Friday, October 16, 2009
In nearly every Brazilian city, small or large, traditional open-air food markets co-exist with supermarkets and hypermarkets. In any particular locale, only one day a week is "market-day". In my neighbourhood in Fortaleza, on Brazil's Northeast coast, Friday is market day, and it's held in front of a historic iron market structure from the end of the 19th Century. The actual iron market, called Mercado dos Pinhões (the word pinhões means "pine nuts" in Portuguese, but I've been unable to discover why the market is so called), is now a municipal arts and culture centre, and the Friday market has moved into the plaza in front.

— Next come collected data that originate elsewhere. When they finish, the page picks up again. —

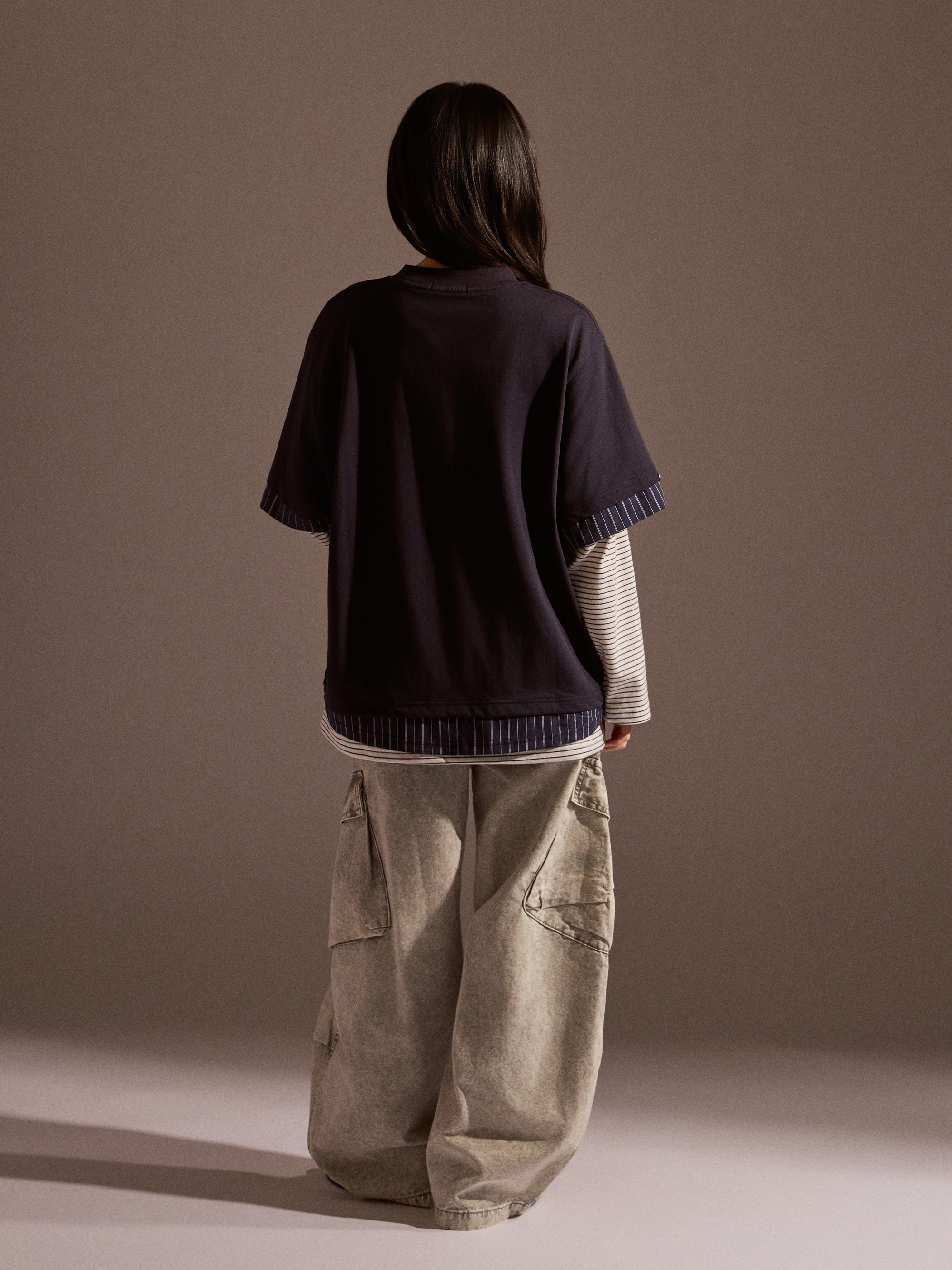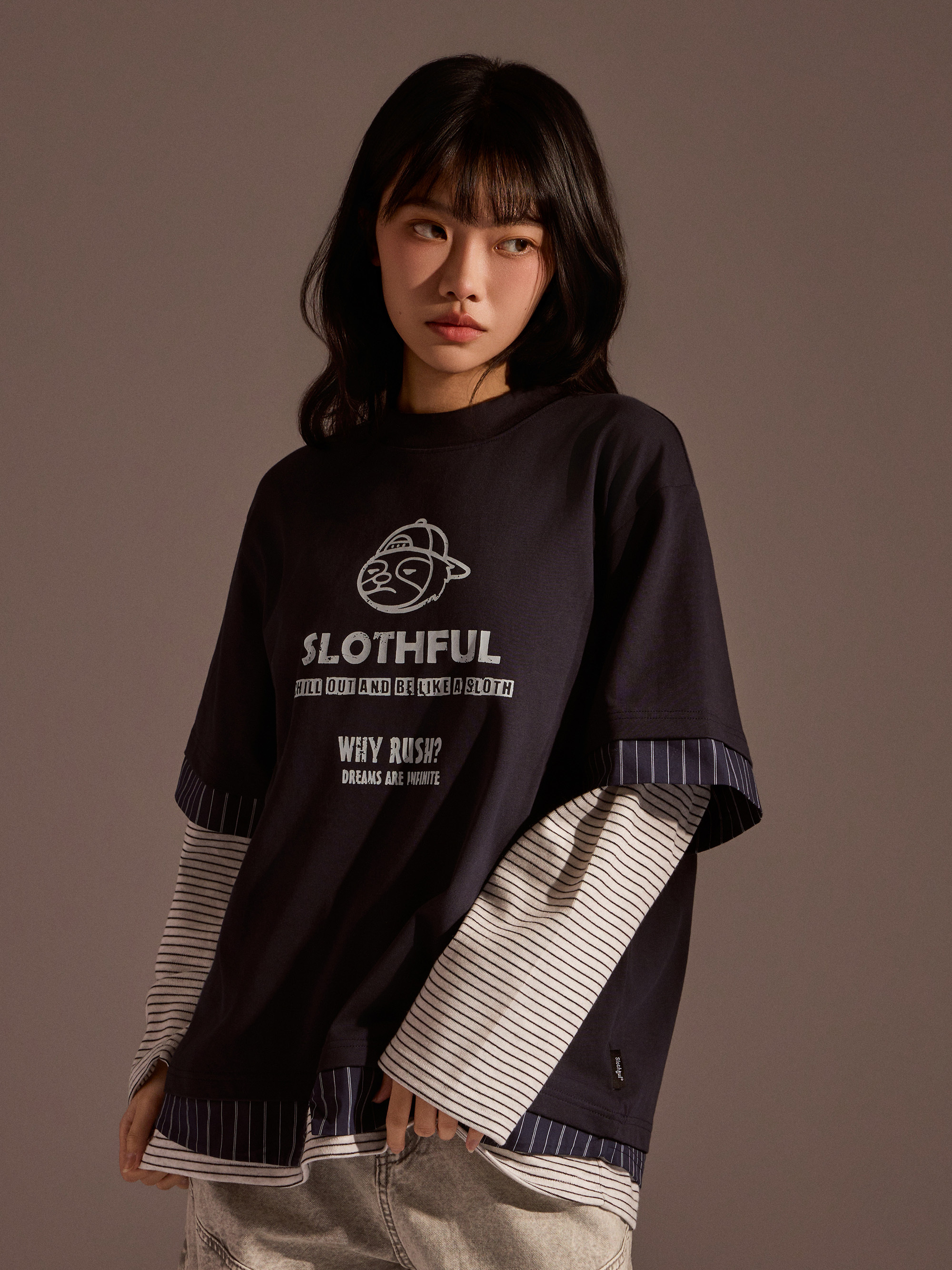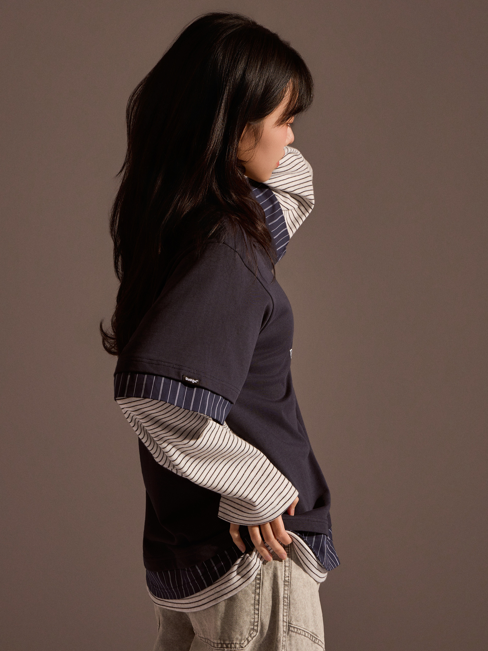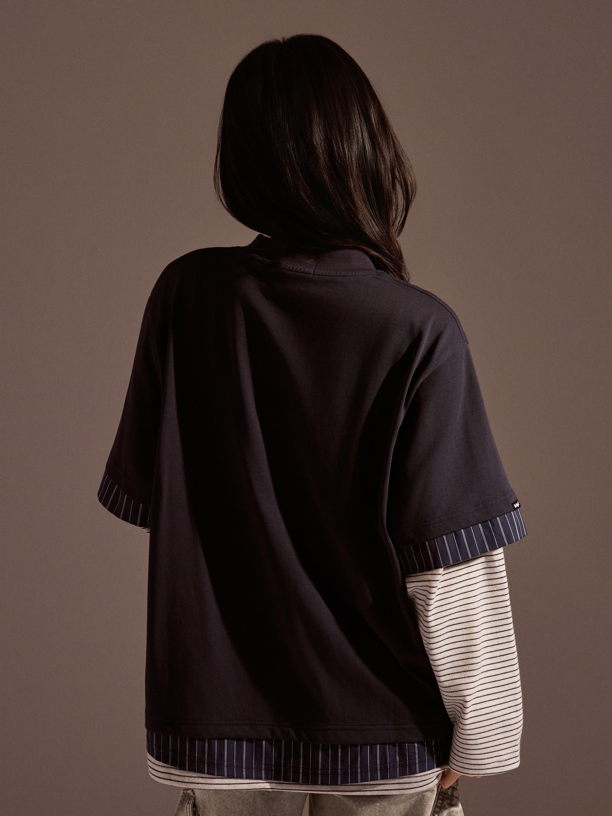 從整體設計來看,本款以素色長袖為基底,搭配條紋襯衫面料與條紋針織面料進行異材質拼接,讓視覺層次更加豐富,同時保有整體穿搭的協調感。圓領假兩件結構自然堆疊出層次效果,再加上品牌印花點綴,讓整體風格在簡約之中多了一點細節亮點。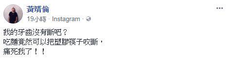 娛樂中心/綜合報導 新加坡男星黃靖倫近來積極發展副業,桌遊店不但吸引民眾前往,連星友都踩點捧場。23日黃靖倫透過臉書分享日常生活,透露自己將筷子「咬斷了」,讓他驚呼:「我的牙齒沒有斷吧?」大批網友看見後,紛紛訝異表示:「好疼的!」 ▲黃靖倫在台灣耕耘多年。(圖/翻攝自臉書) 黃靖倫昨在社群網站上透露,自己吃麵時不慎將塑膠筷子「咬斷了」,令他忍不住嘆:「我的牙齒沒有斷吧?痛死我了!」並附上一張拿著斷掉的筷子的照片,圖中黃靖倫眉頭深鎖,表情十分痛苦,卻也意外曝露了「牙齒比筷子還堅固」的秘密。 ▲黃靖倫咬斷筷子。(圖/翻攝自臉書) PO文一出,引發許多網友議論,笑說黃靖倫牙齒已是「鐵牙」等級,「筷子好吃嗎」、「保重靖倫」、「最強黃金牙齒」,甚至有人調侃他:「叫老闆筷子換成鋼鐵筷嗎?」黃靖倫則回:「還好不是鋼鐵製的,要不然是牙齒斷喔」。 ▲黃靖倫臉書全文。(圖/翻攝自臉書)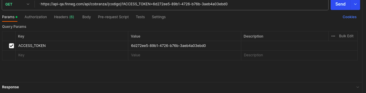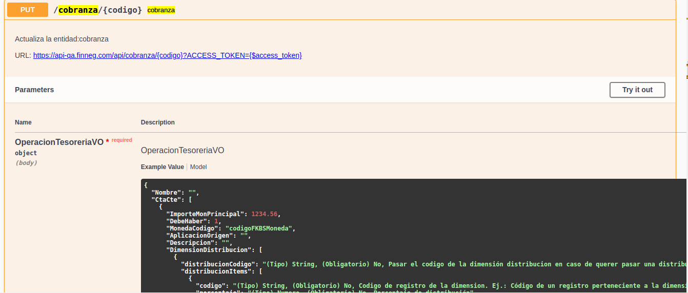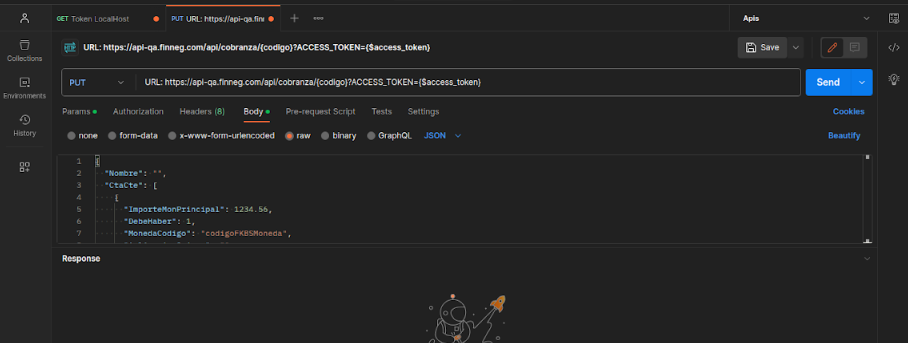 - Una vez obtenido el token, ya podemos utilizarlo para realizar las llamadas a los métodos PUT de una transacción, como es el caso de las Cobranzas.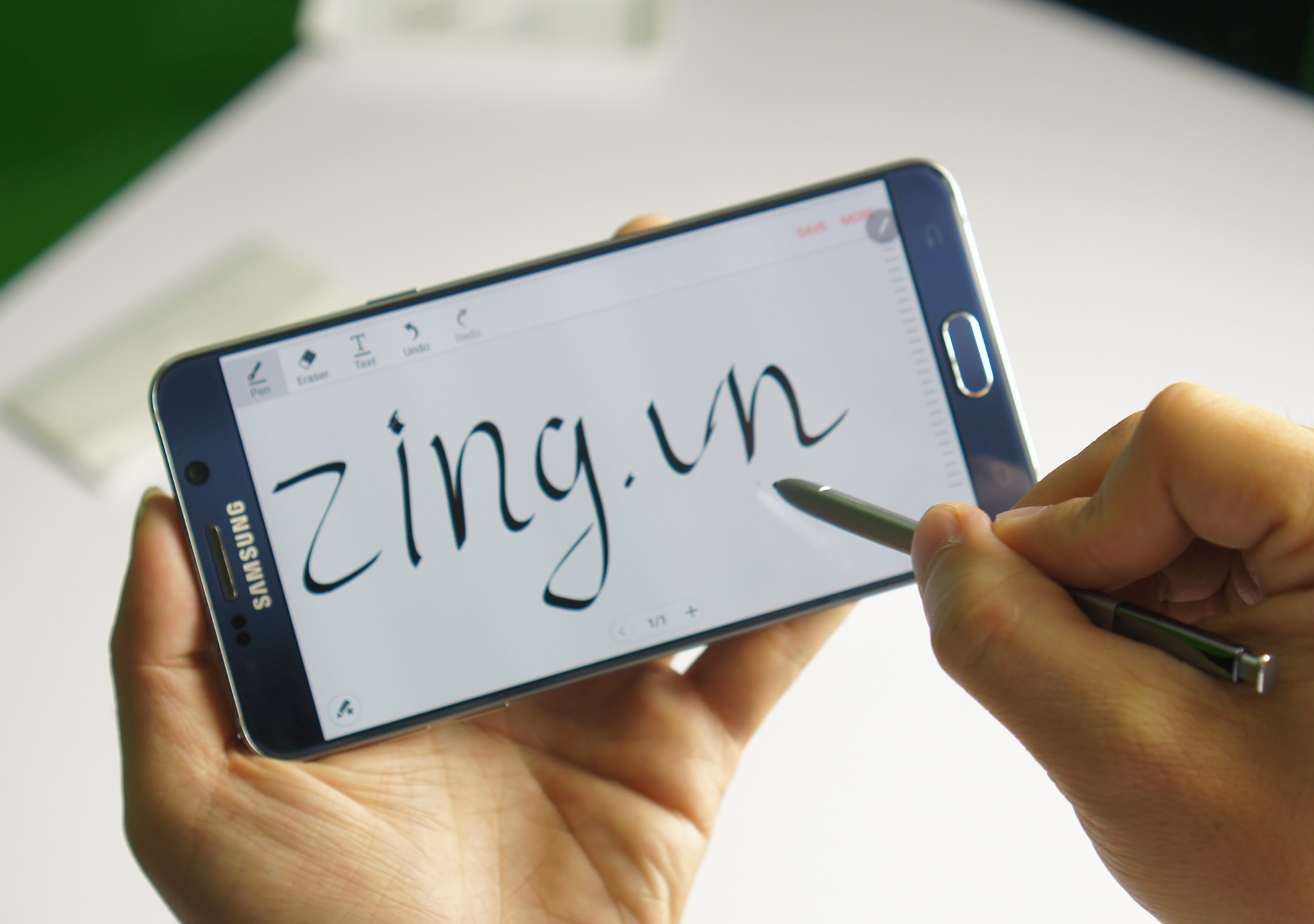 | Điểm nhấn của dòng Note là bút cảm ứng S Pen và phần mềm đi kèm. So với các thế hệ trước, S Pen trên Note 5 tỏ ra mượt và dễ thao tác hơn. Samsung cho biết, họ muốn biến S Pen giống với một chiếc bút bi thực tế. |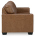 Details | Corner-blocked frame, Loose seat cushions; attached boxed back cushions, High-quality foam cushions wrapped in poly fiber, 100% top grain leather covers inside areas such as the back, seat and arm cushions; skillfully matched faux leather covers the remaining areas, Corrected grain leather; two-tone sauvage effect enhances the depth of the color while replicating the effect of a wax pullup leather, Due to its natural origin, real leather can show individual characteristics such as healed scars, growth marks, grain variation and shade variation, Natural variations make each hide unique and do not detract from the wearing qualities of leather, Exposed feet with faux wood finish, Platform foundation system resists sagging 3x better than spring system after 20,000 testing cycles by providing more even support, Smooth platform foundation maintains tight, wrinkle-free look without dips or sags that can occur over time with sinuous spring foundations | |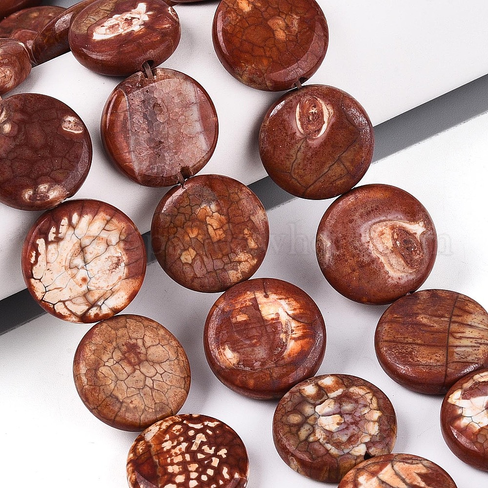 Крашеные бусины из натурального огненного агата с треском, плоско-круглые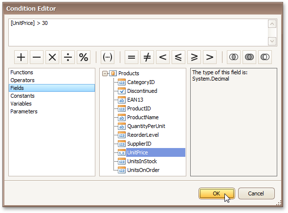 Then, in the invoked Condition Editor, define the required Boolean condition (which means that its result is returned as either true or false). In this tutorial, we will format fields if the UnitPrice value is greater than 30.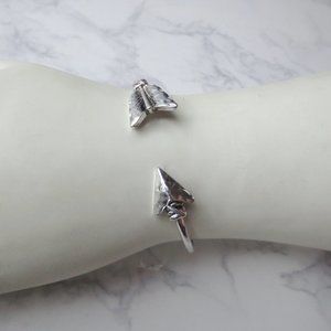Interesting design with arrowhead and feathers on either end of open bracelet

The iron market structure was constructed in Orleans, France, shipped to Brazil, and assembled in Fortaleza. It opened on April 17, 1897, and was double the present-day size. The open iron-work structure was perfect for Fortaleza's tropical heat, as it allowed the breeze to flow freely through the market. The iron work was highly ornamented in the style of the period, and art-nouveau stained glass was employed under the iron roof.
Today, the Mercado dos Pinhões is a protected historical structure. It no longer serves its original purpose, but its presence gives the Friday market a beauty and gravity it would not have in the absence of the iron lace of the old market sitting squarely on its plaza.